坂を下りながら、孝則は由美子に電話した。
三回呼び出して、由美子が出た。
「どうしたの?」
「話したいことがあって」と孝則は言った。
「犬のことで」
しばらく、沈黙があった。
「そう」と由美子は言った。
それだけで何もわからない言葉のはずだったが、孝則には全部わかった気がした。
「帰ったら聞く。
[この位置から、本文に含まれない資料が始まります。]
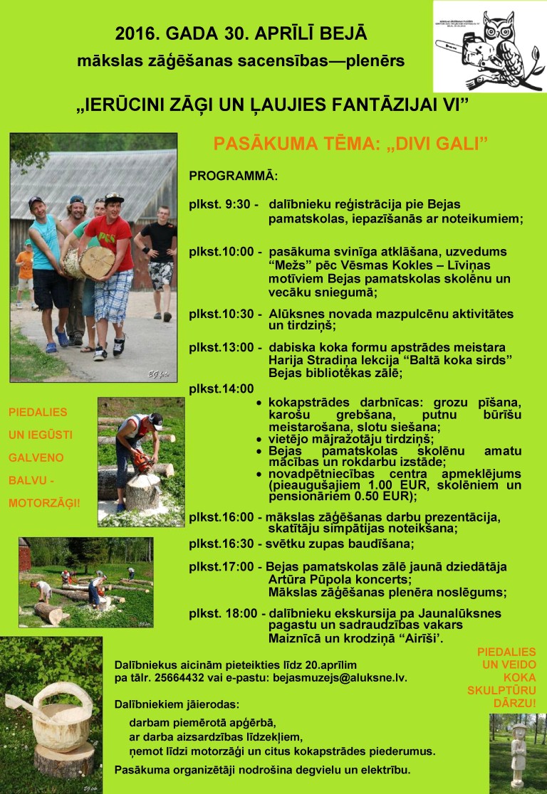 Plenēra dalībniekiem šogad no koka būs jāveido skulptūras, ņemot vērā pasākuma tēmu – “Divi gali”. Ikviens, kas vēlas piedalīties plenērā un ir gatavs pārbaudīt savas spējas un prasmes ar motorzāģi no bluķa izgatavot koka skulptūru, aicināts pieteikties plenēram līdz 20. aprīlim pa tālruni 25664432 vai e-pastu [email protected].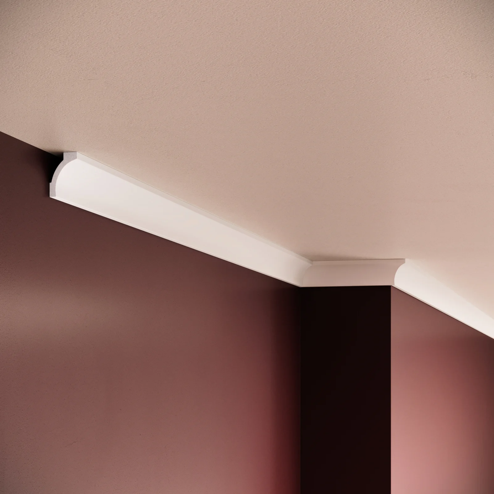 Materialul din polimer rigid conferă rezistență ridicată la lovituri, uzură și deformări, garantând un finisaj durabil. Cornișa se montează ușor cu adeziv special pentru profile decorative, iar suprafața sa poate fi vopsită în orice culoare pentru a se potrivi stilului interior.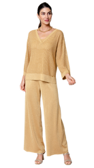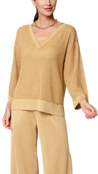 Oversized V-neck mesh top. 3/4 sleeves. The back is a couple of inches longer. The fabric is light and rich and has a golden lurex shimmer;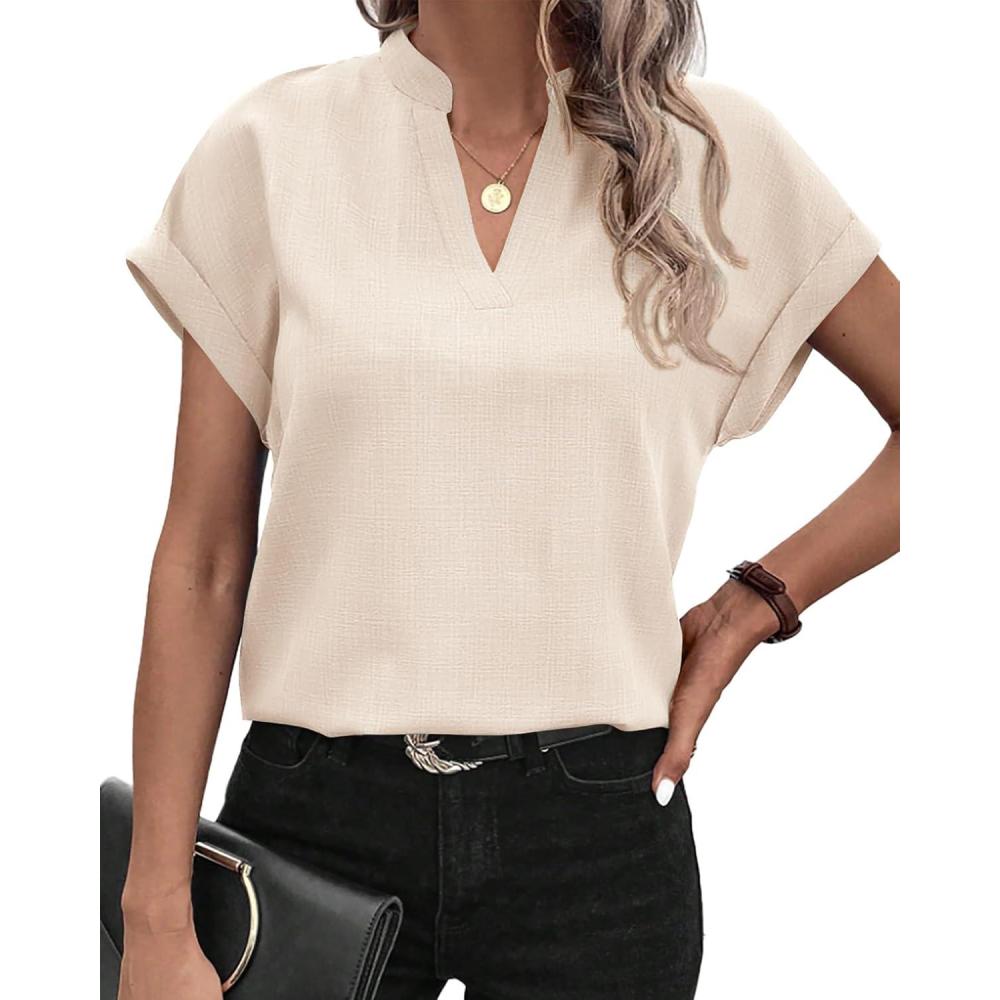 Discover the latest BTFBM Womens Summer Tops 2025 V Neck Short Sleeve Tshirt Loose Flowy Tunics Solid Color Dressy Casual Blouse Shirts(Beige) from and take advantage of our limited-time introductory offer.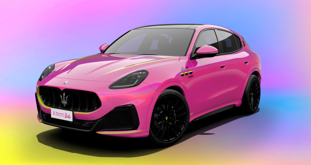 Pues su último complemento es un Maserati Grecale con la carrocería pintada completamente del color rosa palo tan característico con los que Barbie pintar sus coches.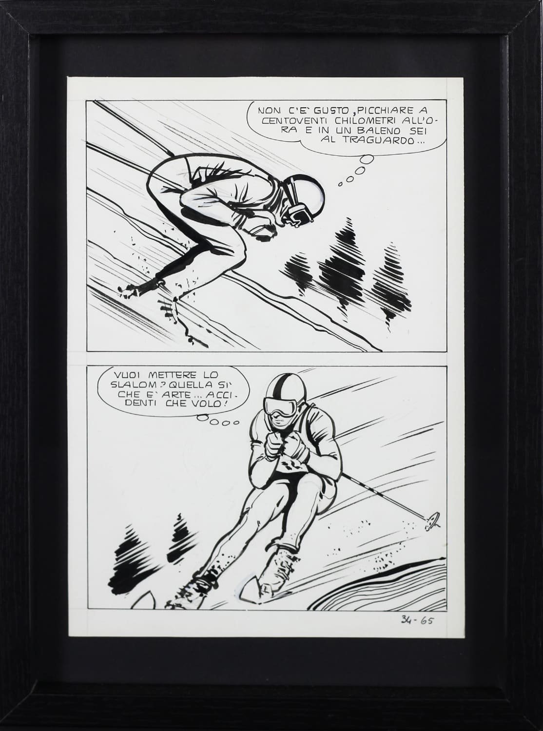 planche originale de bande dessinée "La Tragédie d'un Skieur" signée Fatti OGGI.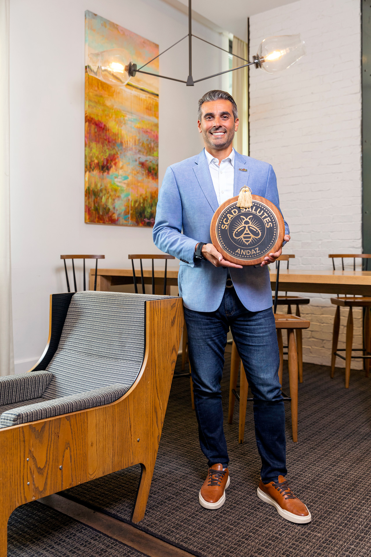 Ernesto Fernandez, general manager of Andaz Savannah, is recognized with the SCAD Salutes award. For nearly a decade, the boutique luxury hotel has offered Savannah residents and visitors to the city alike a signature experience built on an enduring commitment to customer care.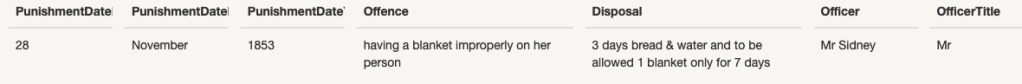 Some incidents were serious and punishment was severe. On 28 November 1853 Margaret was sentenced to ‘3 days bread & water and to be allowed 1 blanket only for 7 days” because she broke the factory’s regulations by “having a blanket improperly on her person“.[7]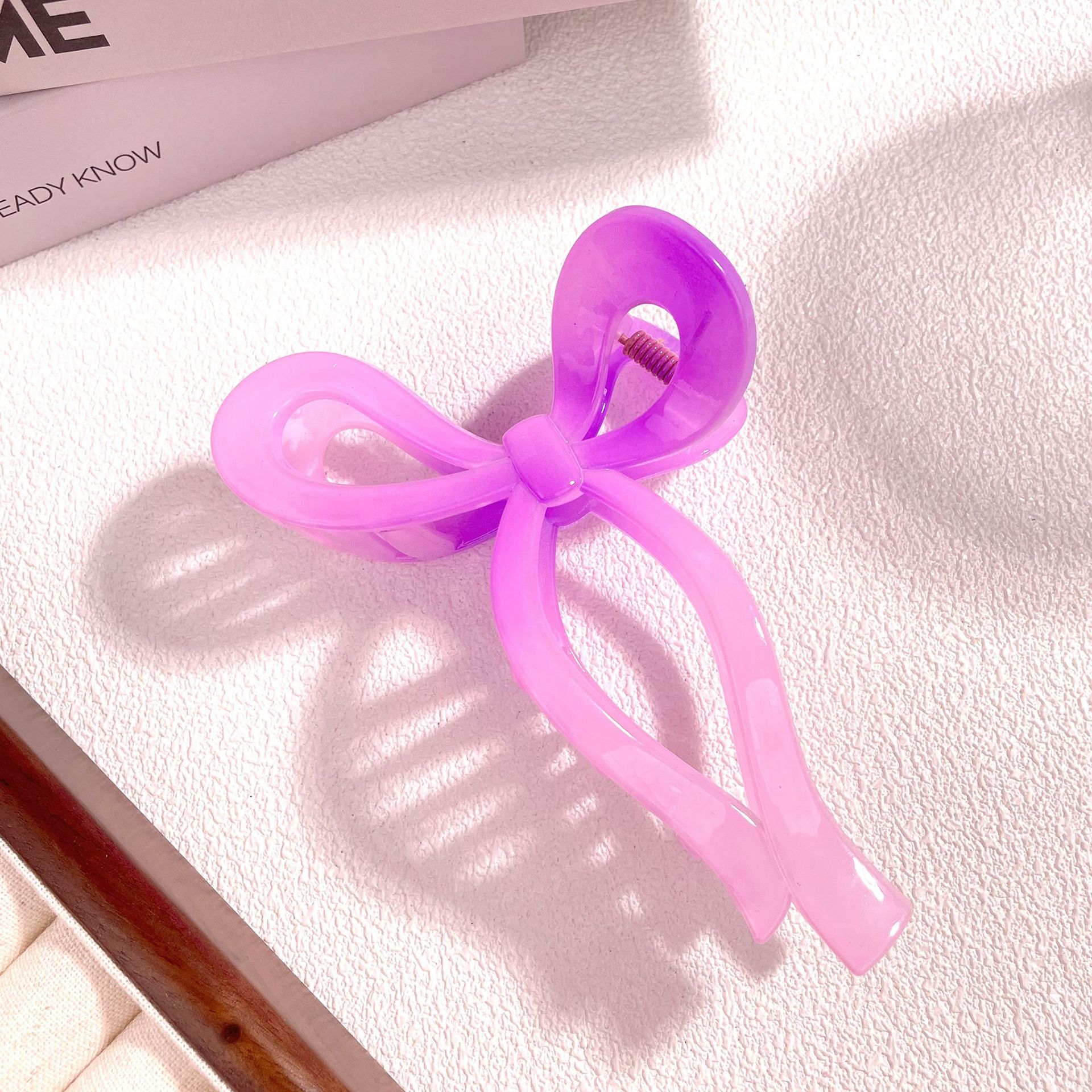 • 밝은 기름 핑크 보라색 나비 넥타이 상어 클립 (11cm)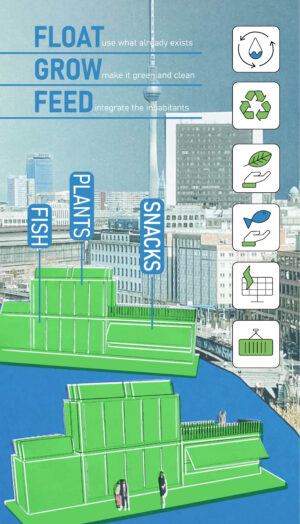 The project deals with new cultivation methods in an urban context. Like many other cities, Berlin‘s waterways were highly used in the past. That relationship however has decreased with time. The project offers a modern review of tho- se relationships as an answer to existing problems most cities face nowadays! Urban Aquaponics uses the already existing aquaponics culture and places it in the urban waters of Berlin. The project‘s main focuses are the connections with local inhabitants, the relationship to the existing ecosystem, and the totality of the circular farming and water system.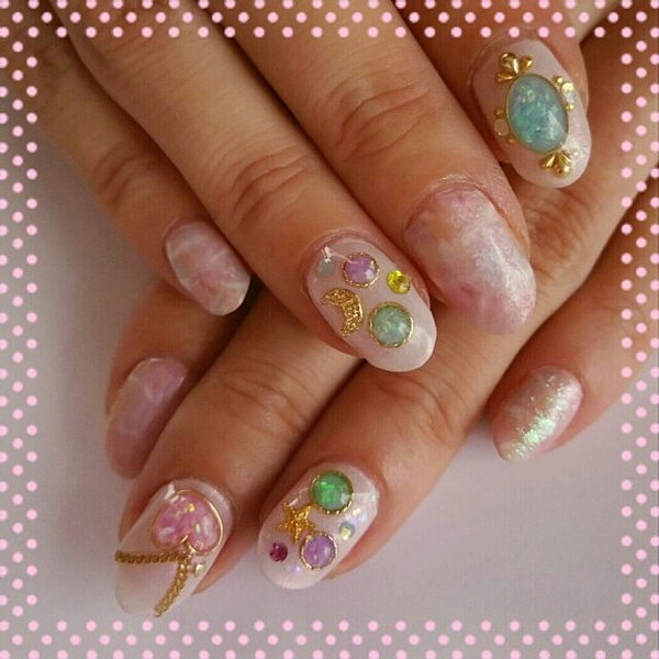 手首にジャラジャラ、指にキラキラ。つけるのはかわいいけれど、集めるのは面倒くさい。そんなあなた、“ブローチネイル”はいかがですか?爪のキャンパスをブローチに見立てて彩れば、アクセサリーなんか要らないし、指先を主役にできちゃいます!そんな“ブローチネイル”はいかが?
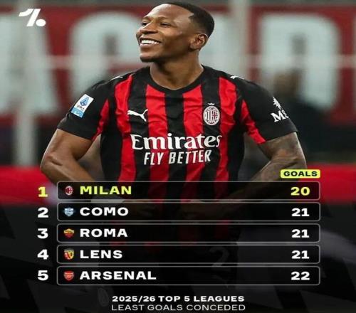 根據數據統計,米蘭是本賽季五大聯賽迄今為止丟球最少的球隊,紅黑軍團僅丟了20球,位居其后的是科莫、羅馬及朗斯的21球,阿森納以22球位居第5。

待ってて」
「うん」と孝則は言った。
電話が切れた。
夕暮れが深くなっていた。
どこかで、小さな犬が一声鳴いた。
その夜、由美子が帰ってきてから、二人でリールのことを話した。
七年分、話した。
リールがいかに偏食だったか。
散歩で必ず同じ電柱を確認してから帰ったこと。
冬になると孝則のジャンパーの中に入ろうとして、チャックに顎をはさんだこと。
くるくる回る癖を、公園で子供たちに見られたとき、リールが不服そうな顔をしたこと。
笑いながら話した。
途中で泣いた。
二人で泣いた。
泣きながらまた笑った。
お茶が冷めた。
それでも話し続けた。
「また回るとこ、見たいな」と由美子がぽつりと言った。
孝則は何も言わなかった。
でも、うなずいた。
布団の中で、孝則はリールのことを考えた。
ぴょんぴょん弾みながら走るリール。
右まわりに三回、くるんくるんくるんと回るリール。
前足でぽんぽんと膝を叩いてくるリール。
最後の夜、孝則の膝の上でトントン、トントンと前足を動かし続けていたリール。
そして今日、公園で右まわりに回った犬の目。
あの目が、孝則のことを見ていた。
ずっと前から知っていたような目で。
ちゃんとやってる、と確かめるような目で。
ちゃんとやってる、と孝則は心の中で答えた。
また歩くよ。
また夕暮れの坂道を歩くよ。
今度は一頭連れて、また右まわりに三回、回ってみせてくれ。
ありがとう、リール。
また会えて、よかった。
由美子がそっと電気を消した。
部屋が暗くなった。
外で夜風が動いた。
どこかで、小さな犬が一声鳴いた。
孝則はそれを聞いて、目を閉じた。
胸の中が、静かだった。
重さは残ったままだった。
でも、その重さがそのまま、温かかった。